The adaptations of HPC-type performance tools to Python and called non-Python, specifically parallel, libraries might be of interest:

TAU: https://www.cs.uoregon.edu/research/tau/docs/newguide/ch03s0... Extrae/Paraver: https://www.researchgate.net/publication/317485375_Performan... llel_Python_Applications Score-p/Scalasca: http://score-p.org https://github.com/score-p/scorep_binding_python

maxmcd7y ago

The localhost talk for rbspy (the inspiration for this project) is awesome: https://www.recurse.com/events/localhost-julia-evans

Imagine it should also provide relevant insights into the structure of this tool

TTPrograms7y ago

This is really fantastic. I just managed to find a 3x speedup on a compute heavy job I run using Py-spy - there was an unneeded hotspot in a library I'm using that I didn't previously suspect. It would have taken a long time using kernprof to dig in through the call stack to find the issue.

jpeanuts7y ago

This is a really great tool - the kind I didn't even know that I needed until I was given it!

One question, does anyone here know how to interpret the GIL (Global Interpreter Lock) percentage display in the top-left? In my code, "Active" sticks nicely at 100%, but the GIL jumps around from 1% to 100%, changing on every sample.
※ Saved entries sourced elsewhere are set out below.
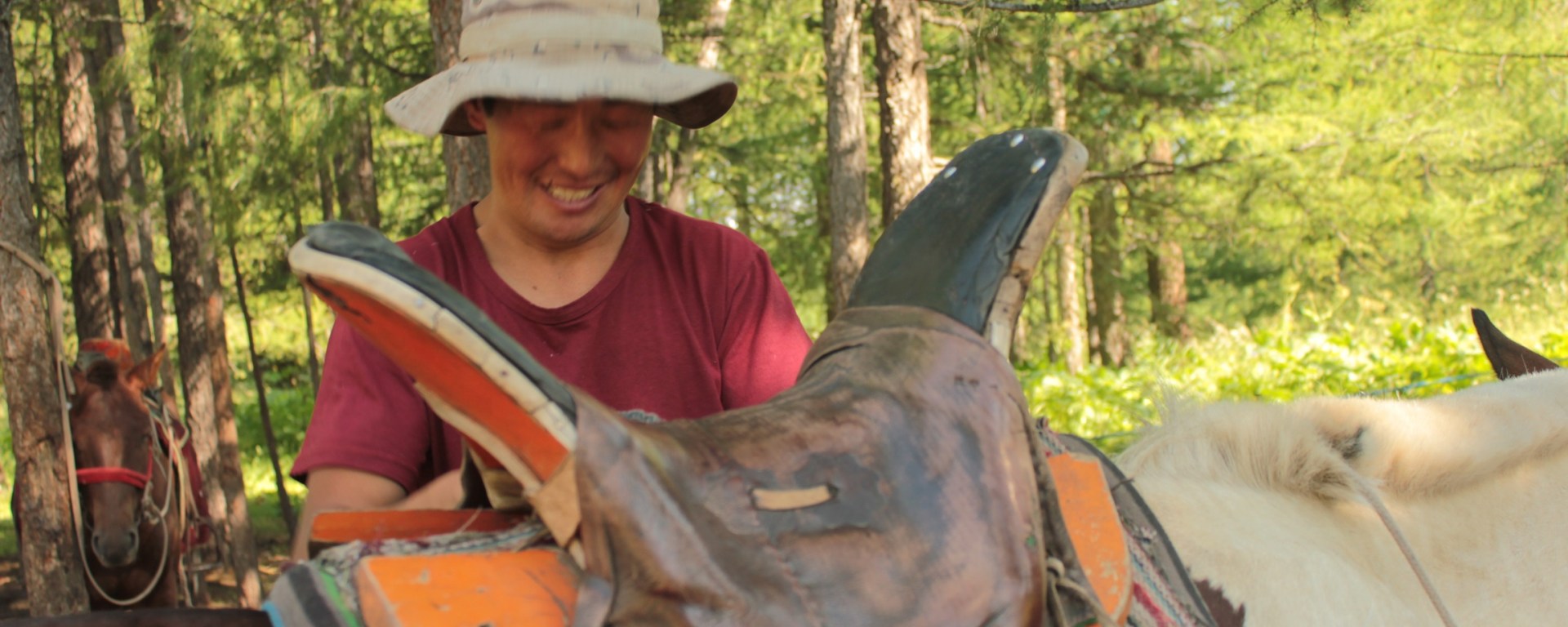 When anyone falls of a horse or bicycle the saying is of course “get right back on”. Eleanor having fallen off in June and being told not to get back on for at least a month, couldn’t get back in the saddle immediately. So with a lot of persuasion Eleanor did get back in the saddle. To be fair she didn’t want to walk almost 2 hours to another monastry… so Eleanor and I paid 20,000MNT for two horses. Khulan also went with us. The Dutch family walked (and got lost for a time). Astrid commented that when surrounded by forest she completely lost her bearings, and whilst trying to keep a brave face for the three children, she was actually quite scared. Thankfully one of the children shouted for Khulan and they were found. Eleanor and I meanwhile were experiencing saddles that were making me think that you have to be careful of getting back in the right saddle – not just any saddle.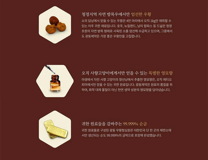 Kwangdong Woo Hwang Cheong Sim Won is a traditional herbal product crafted with care using a blend of premium natural ingredients. This product comes in convenient pill form, making it easy to consume. Its reputation is built on centuries of traditional herbal wisdom, valued for its quality and meticulous preparation.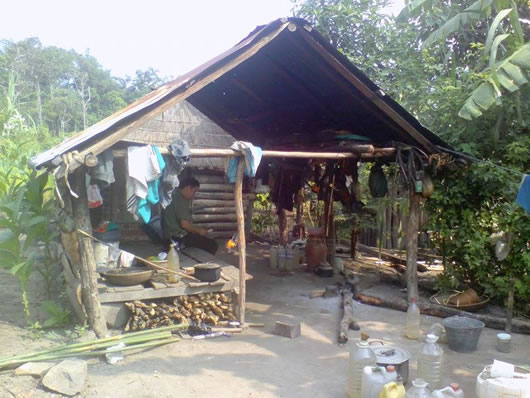 Căn chòi cũ nơi anh em Krih, Alếch và cháu Danh sống tách biệt ở trong rừng. |

edit: Now that I think about it, my code spends a lot of time in C API calls - maybe the GIL is released there?

toxik7y ago

Wow, it tracks GIL contention? Major feature for me. I use a lot of Numba, and it releases the GIL if you want — so threading is actually useful.

lathiat7y ago

I've been enjoying pyflame from Uber - which the author quotes in their info

> The only other Python profiler that runs totally in a separate process is pyflame, which profiles remote python processes by using the ptrace system call. While pyflame is a great project, it doesn't support Python 3.7 yet and doesn't work on OSX or Windows.') > Py-spy works by directly reading the memory of the python program using the process_vm_readv system call on Linux, the vm_read call on OSX or the ReadProcessMemory call on Windows.
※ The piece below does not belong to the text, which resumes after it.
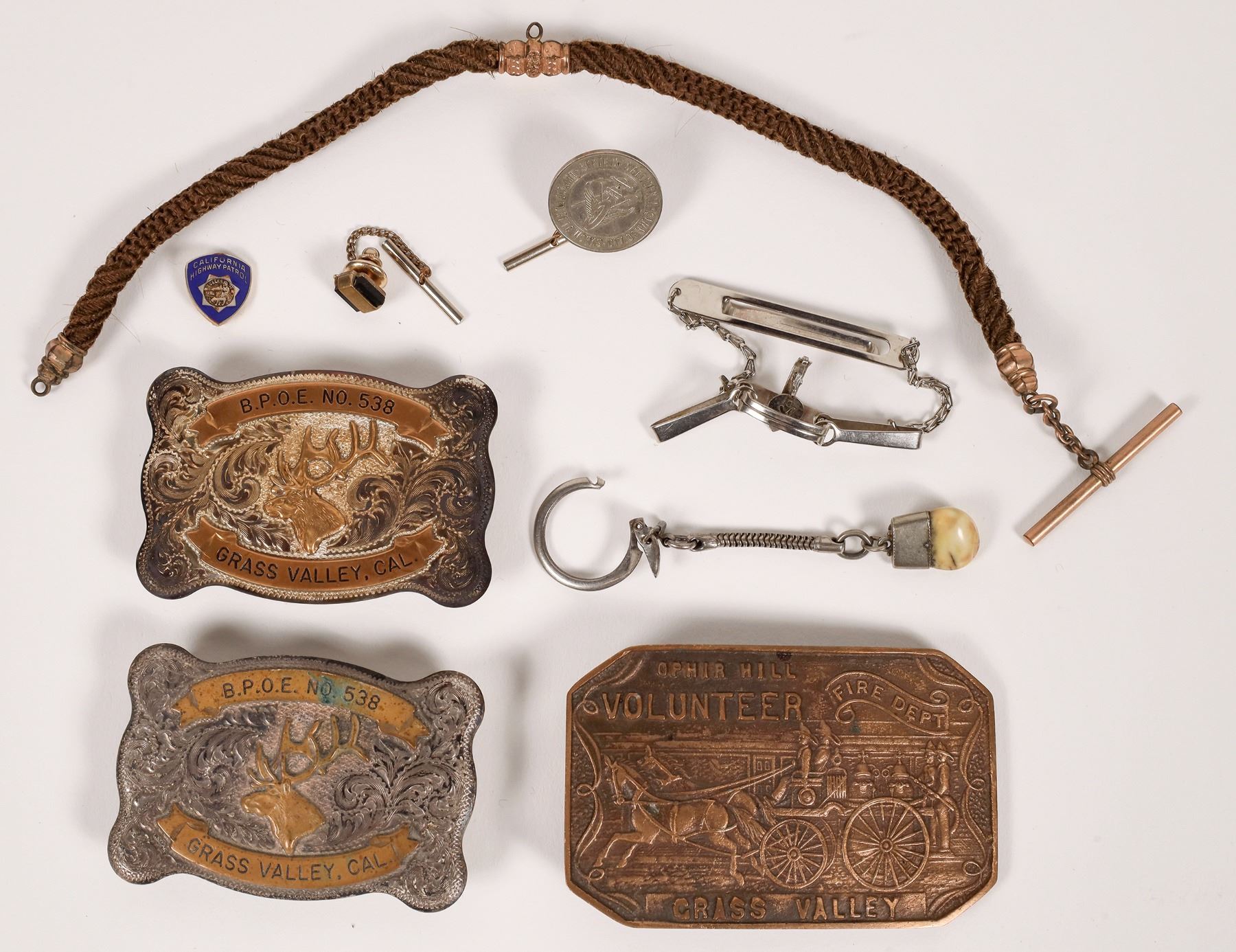 CA Division of Highways tie tack, BPOE key fob with stone, black stone tie tack, hair band, 2x BPOE 538 Elks belt buckle, Ophir Hill volunteer FD Grass Valley belt buckle.

I think ptrace is fundamentally letting you do the same thing in terms of how pyflame is using it.. and the same ptrace access permission governs whether you can use process_vm_readv

The real win for this project is a real-time "top" or "perf top" style UI instead of only generating flamegraph output. I love that feature, and will be particularly good for quick shot "what is this process doing" type info as opposed to specifically profiling some timeframe to analyse the resulting flamegraph (which is all pyflame let you do)

Nice work!

samstave7y ago

"top" for python programs. Thats pretty awesome - not sure if this has existed in other traces, but the output is great.

actuallyalys7y ago

Rbspy, the inspiration for this tool, has a similar default output, which you can see in the documentation, https://rbspy.github.io/.

_verandaguy7y ago

If you're talking about the flame graphs, they're a fairly common feature of modern profilers. The oldest implementation I know of is at https://github.com/brendangregg/FlameGraph.

kevin_thibedeau7y ago

This is the same script. The Rust code is just invoking Perl to generate it.

gnufx7y ago

I've never understood why flame graphs are better than the normal presentation of inclusive and exclusive timings in performance tools, even if they're not "modern", but embody some decades' experience. Anyone care to explain?

andreareina7y ago

Flame graphs have extra information in the form of seeing the caller and callees. That, and I find the graphical presentation to be easier to scan.

1 more reply

detaro7y ago

I'm far from a performance expert, but my impression is:

It shows the call paths to the functions and what part each path took, that's not so obvious from the typical table. On the other hand, finding functions that are called quite a lot all over the place and add up is easier in the table, so it's not become useless.

2 more replies

SketchySeaBeast7y ago

Oh that's great - I had it up and running in 30 seconds.

fake-name7y ago

Does it support python multiprocessing?

Basically nothing out there does that I've found, and it's a really major pain-point for me.

marmaduke7y ago

yappi?

https://bitbucket.org/sumerc/yappi/

fake-name7y ago

> If you want to profile a multi-threaded application, you must give an entry point to these profilers and then maybe merge the outputs.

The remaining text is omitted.